→ **Exercise instructions**
Excluding pictures, transcribe precisely the lines from the one containing "(١٧٩٩ - ٢٥٩)" to the final line of the listing below, inclusive, and nothing more.

→ **Supplied data**
● ● ● ● ●

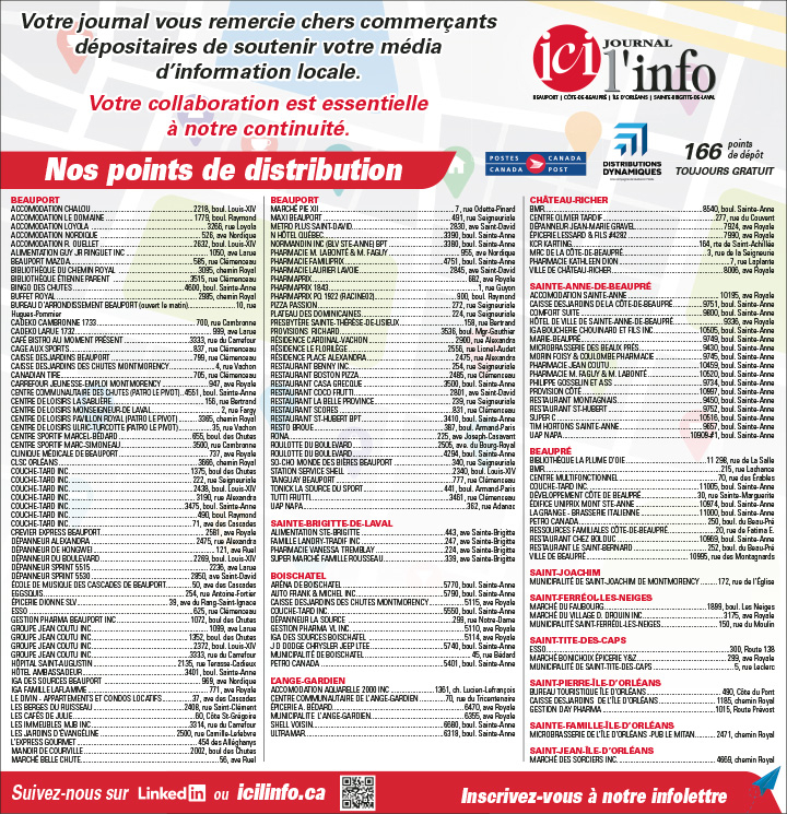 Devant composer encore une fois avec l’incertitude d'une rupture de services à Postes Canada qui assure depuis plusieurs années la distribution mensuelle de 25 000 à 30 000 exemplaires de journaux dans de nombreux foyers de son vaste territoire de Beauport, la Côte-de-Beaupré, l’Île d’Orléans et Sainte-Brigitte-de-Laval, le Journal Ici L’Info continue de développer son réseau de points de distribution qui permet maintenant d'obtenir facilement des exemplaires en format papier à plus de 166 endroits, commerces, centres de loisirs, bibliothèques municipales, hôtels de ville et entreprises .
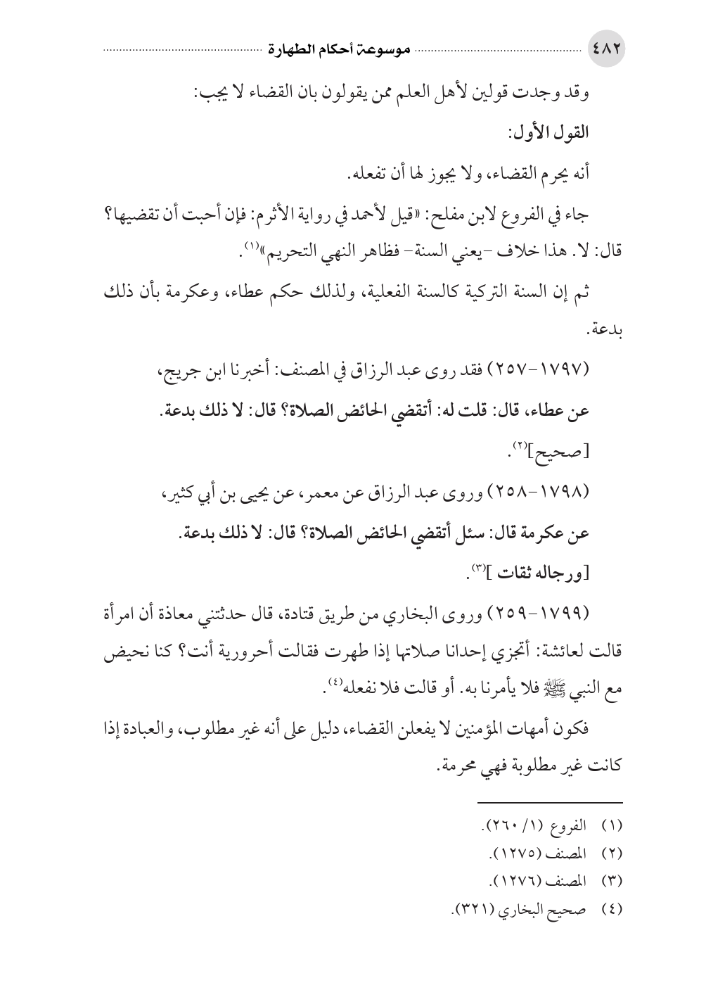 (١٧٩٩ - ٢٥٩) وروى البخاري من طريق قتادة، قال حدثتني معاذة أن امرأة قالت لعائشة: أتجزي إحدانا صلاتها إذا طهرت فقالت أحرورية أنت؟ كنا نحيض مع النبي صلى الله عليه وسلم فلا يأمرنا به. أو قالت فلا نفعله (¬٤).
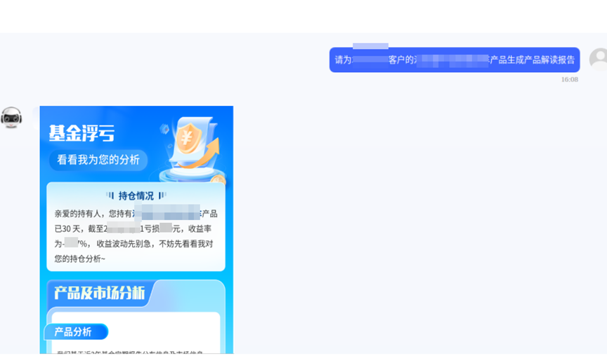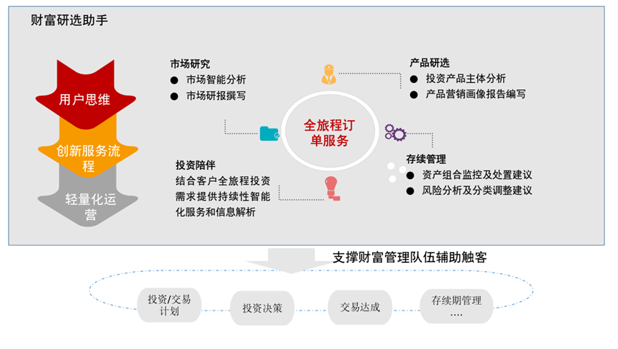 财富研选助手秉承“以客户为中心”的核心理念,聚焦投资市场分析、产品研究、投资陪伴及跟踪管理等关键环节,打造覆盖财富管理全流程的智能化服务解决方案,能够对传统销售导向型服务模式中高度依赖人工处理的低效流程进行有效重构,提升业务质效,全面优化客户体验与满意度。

● ● ● ● ●

→ **Solution**
 (١٧٩٩ - ٢٥٩) وروى البخاري من طريق قتادة، قال حدثتني معاذة أن امرأة قالت لعائشة: أتجزي إحدانا صلاتها إذا طهرت فقالت أحرورية أنت؟ كنا نحيض مع النبي صلى الله عليه وسلم فلا يأمرنا به. أو قالت فلا نفعله (¬٤).
 财富研选助手秉承“以客户为中心”的核心理念,聚焦投资市场分析、产品研究、投资陪伴及跟踪管理等关键环节,打造覆盖财富管理全流程的智能化服务解决方案,能够对传统销售导向型服务模式中高度依赖人工处理的低效流程进行有效重构,提升业务质效,全面优化客户体验与满意度。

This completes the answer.